## [Exercise]
Take the data below and write it out exactly, except for the pictures.

## [Recorded information]
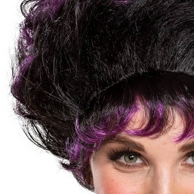 Celebrate your love for Hocus Pocus this Halloween! This super full wig features Mary’s midnight black hair with witchy purple streaks. The wig features her signature look from the original movie. It is made of quality faux hair and adjust to fit your head and stay put for the night. It pairs perfectly with our Mary costume!
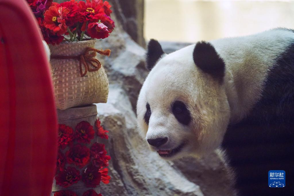 當日,位于黑龍江省尚志市的中國亞布力熊貓館里,大熊貓思嘉度過(guò)了自己16歲生日。飼養員為思嘉準備了用冰做的生日蛋糕、水果、鮮竹筍等美食,還有玩具和鮮花,思嘉在自己的生日派對上邊吃邊玩,萌態(tài)十足。
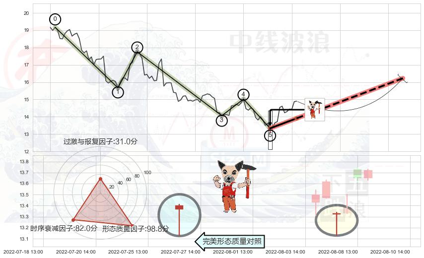 从2022-08-05 13:00至2022-08-12 14:00,共包含12个小时,阶段股价上涨11.41%,阶段股价变动位移路程比: 1 : 1.5

## [Answer box]
 Celebrate your love for Hocus Pocus this Halloween! This super full wig features Mary’s midnight black hair with witchy purple streaks. The wig features her signature look from the original movie. It is made of quality faux hair and adjust to fit your head and stay put for the night. It pairs perfectly with our Mary costume!
 當日,位于黑龍江省尚志市的中國亞布力熊貓館里,大熊貓思嘉度過(guò)了自己16歲生日。飼養員為思嘉準備了用冰做的生日蛋糕、水果、鮮竹筍等美食,還有玩具和鮮花,思嘉在自己的生日派對上邊吃邊玩,萌態(tài)十足。
 从2022-08-05 13:00至2022-08-12 14:00,共包含12个小时,阶段股价上涨11.41%,阶段股价变动位移路程比: 1 : 1.5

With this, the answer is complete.